Holmes tells Watson that the explanation for the events is that Morstan and Sholto were informed by some convicts in the Andaman Islands of the existence of the treasure. The officers crossed the convicts in some way and Jonathan Small, one of the four, has now claimed the treasure for himself.
Holmes uses a dog to follow the scent of the men they seek, one of whom trod in creosote at the scene of the murder. Toby leads Holmes and Watson to a small wooden wharf where evidently the men took a boat. Holmes manages to discover that Jonathan Small has hired a steam launch called the Aurora. Holmes engages his Baker Street irregulars, a band of young boys from the streets who are given the task of finding the Aurora. Holmes and Watson conclude that Jonathan Small's companion is an Andaman Island aborigine.
A few days pass and no progress is made, Athelney Jones comes to Baker Street and tells Watson that he needs help from Holmes and that he had a message from the detective instructing him to go to Baker Street and wait. Watson explains that Holmes has gone out and is expected back later that day. Holmes enters disguised as an old mariner and is delighted when he is able to fool both of this friends with the device.
That night Holmes works with the police to pursue Jonathan Small. Holmes concludes that Small must have arranged that the Aurora be handed into a repair shop to hide it in case the trail was followed, via his disguise Holmes managed to locate the repair shop where the Aurora was kept and discover the time when it would be collected for use once more.
The Aurora is spotted and pursued, Jonathan Small is captured and his aboriginal companion is shot dead. An iron chest is found on the Aurora and presumed to contain the treasure but ultimately turns out to be empty. Jonathan Small. Small explains that he threw the treasure overboard since no one has a right to it save himself and three Indian men still in the Andaman convict barracks.
Small met the other men with whom he acquired the treasure when he was a guard in the city of Agra. One night two Sikh men who were under Small's command threatened his life. They told him that either he could join with them and be rich or that they would kill him. The two guards and a third man planned to bring a rich merchant to Agra and murder him for the wealth he would be carrying with him, Small agreed to assist. Once the merchant had been killed the men hid both the body and the treasure. An oath was sworn between them that they should always act for each other as much as themselves, the sign of four.

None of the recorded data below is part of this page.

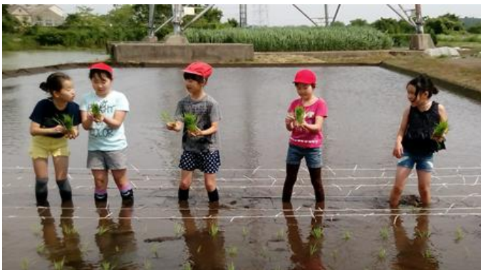
何本ずつ植えるんだっけ
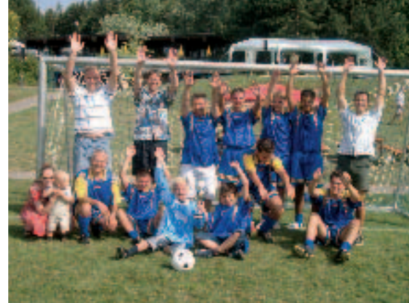
Das Siegerequipe Moog Böblingen

Die Pokale überreichte der Präsident des BSV, Siegfried Schlegel, der mit dem Verlauf des Turniers sehr zufrieden war. Es war eine Werbung für den Betriebssport Fußball. UWE SCHMIDT
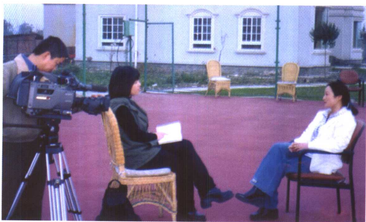
《女生日记》出版后，接受中央电视台专题采访。
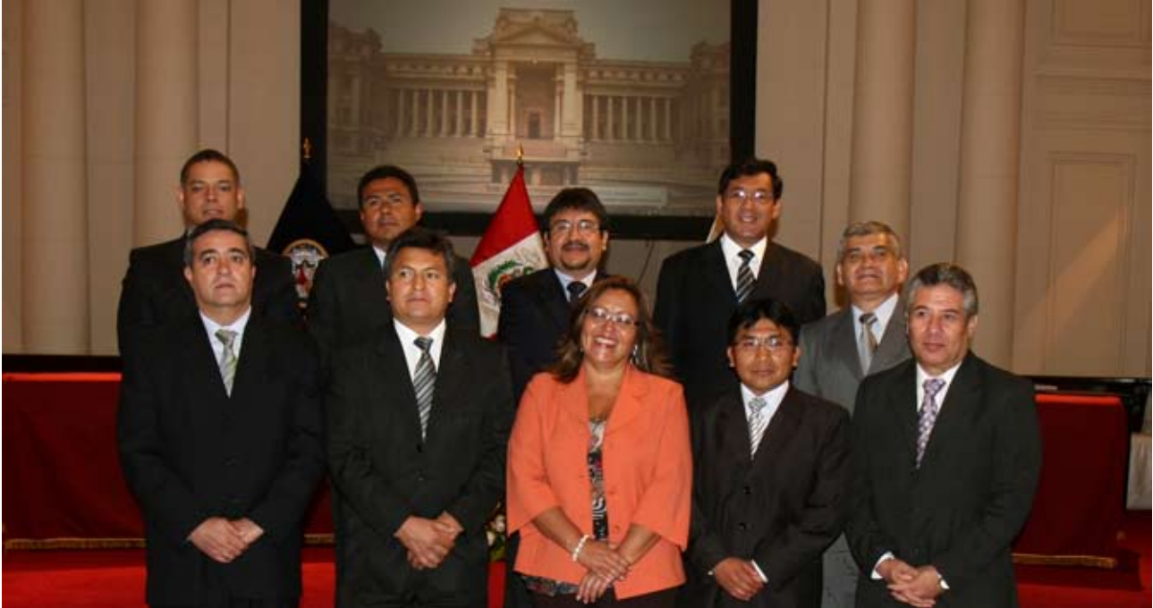
Gerentes públicos fueron designados luego de un riguroso proceso de selección.
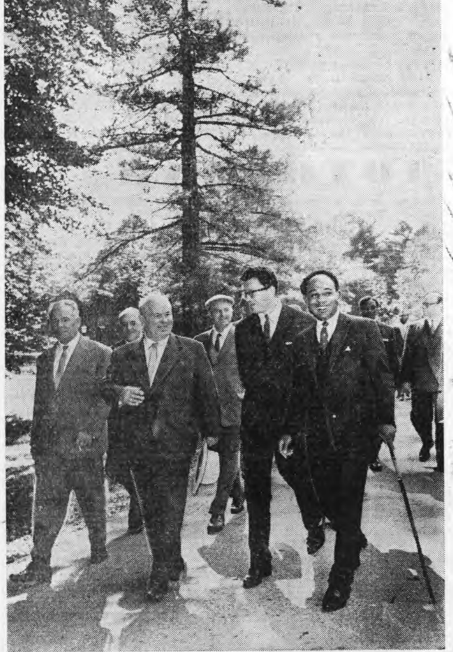
НЬЮ-ИОРК. СССР-эй Министруудэй Советэй Түрүүлэгшэ Н. С. Хрушев 2-то Нью-Йорк шадархи Гленковто Ганын Республикын президент К. Нкрума (берун гарһаа) сээрлэг соогур ажаба байна.

Алжирай Республикын саг зуурын правительствын Министруудэй Советэй түрүүлэгшэ Ферхат Аббас Пекинхэ «ТУ-104» самолёдоор октябрийн 6-да Москвада ерээ. СССР-эй Министруудэй Советэй Түрүүлэгшын Нэгэдлхи орлогшо А. Н. Косыгин, бусад тухай тухашалта хүнүүд, тэршэлэн СССР-тэ
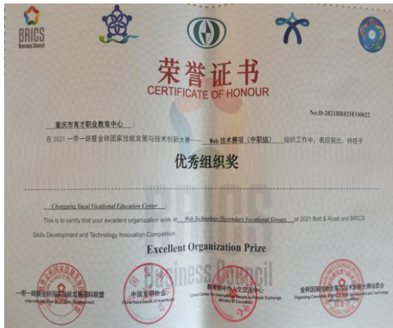
图 2 一带一路暨金砖国家技能发展与技术创新大赛“优秀组织奖”

学校先后获得一带一路暨金砖国家技能发展与技术创新大赛“优秀组织奖”、全国中等职业学校“文明风采”竞赛活动优秀组织奖、参加全国院校技能（中职组）大赛十年成就奖、重庆市教学成果奖、重庆五一劳动奖状等市级以上重要荣誉 20 多项。学校牵头成立的重庆市育才职业教育集团被评为重庆市中等职业教育示范性职业教育集团，学校多次获评为重庆市、合川区中职招生工作先进单位，获评合川区“中华魂”优秀组织奖，学校领导班子多次在年度考核中荣获“优秀领导集体”的殊荣。本学年来，1 名教师参加全国乡村振兴职业技能大赛获得银牌，2 名教师指导学生获得全国职业院校职业技能大赛中职组建筑装饰项目国赛一等奖，1 名教师获得重庆市特级教师。
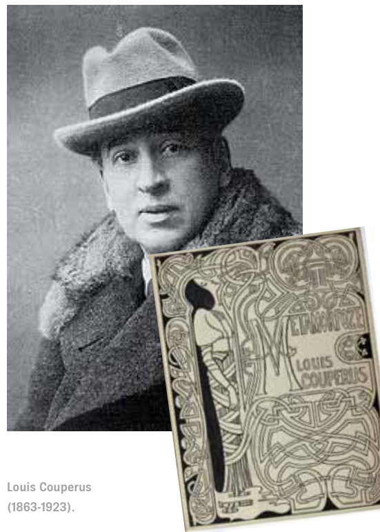
Louis Couperus (1863-1923).

Tot en met 25 augustus is in het Rijksmuseum van Oudheden in Leiden de tentoonstelling ' Couperus en de Oudheid ' te zien. De expositie combineert de vroege uitgaven van Couperus' romans (o.a. Antiek toerisme uit 1911) met archeologische voorwerpen uit de klassieke en Egyptische collectie van het
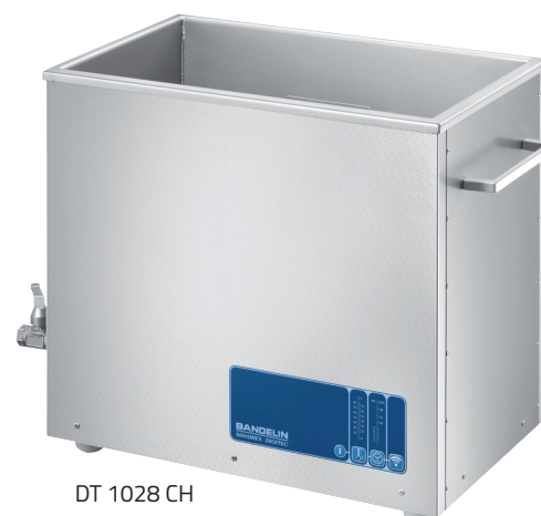
DT 1028 CH

Cuves à ultrasons de haute puissance pour le nettoyage ou le traitement des échantillons dans solutions aqueuses
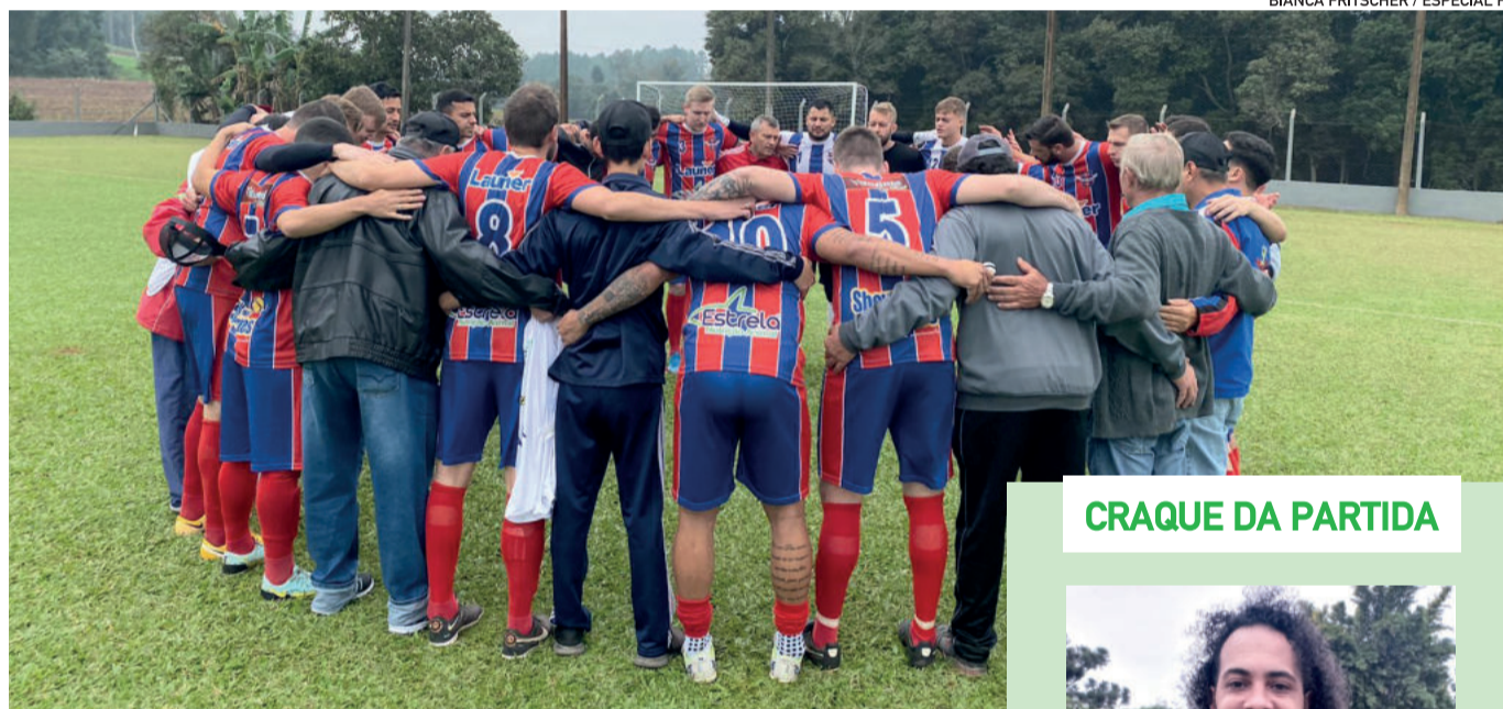
BIANCA FRITSCHER / ESPECIAL FP
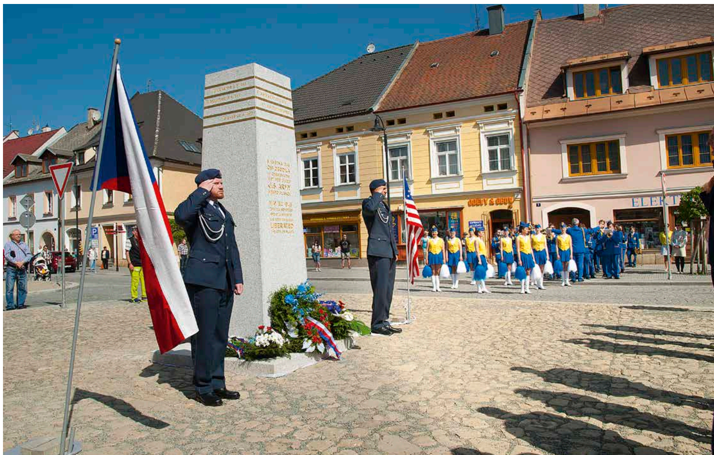
Snímek z květinového odhalení nového památníku na náměstí Svobody.

Ročník 28 • Číslo 6 • Červen 2018 • Cena 2 Kč
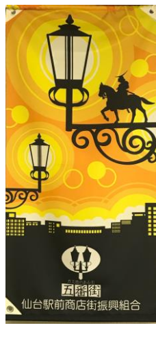
第二一回 月岡 奈々 (学生) 平成28年
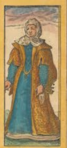
Lusitanus Mercatoris uxor honesto vestitu ambulans

The plan went wrong and the four men were arrested for murder and sentenced to penal servitude for life. Small was transferred to the Andaman Islands. Small met Morstan and Sholto and offered them a deal, if they could secure freedom for him and his three companions then the officers would be cut in for an equal share of the wealth. An agreement was made and Sholto was assigned the task of verifying the treasure's location before helping the convicts to freedom. Sholto cheated them all by recovering the treasure alone and going back to England with it.
Small then saved the life of Tonga, an Andaman Islander, who consequently became very devoted to him. Tonga helped Small escape and the two wended their way to England together. Small received intelligence that the treasure had been discovered and planned his robbery with Tonga's help. Tonga killed Bartholomew Sholto, much to Small's rage since he wished no harm to the young man.
The case is wound up, Small is taken into custody and Watson becomes engaged to Mary Morstan. Since the official forces are receiving the credit for the case Watson asks what Holmes will get out of the affair into which he put so much work and effort. Holmes replies that he has cocaine and reaches for the bottle containing it.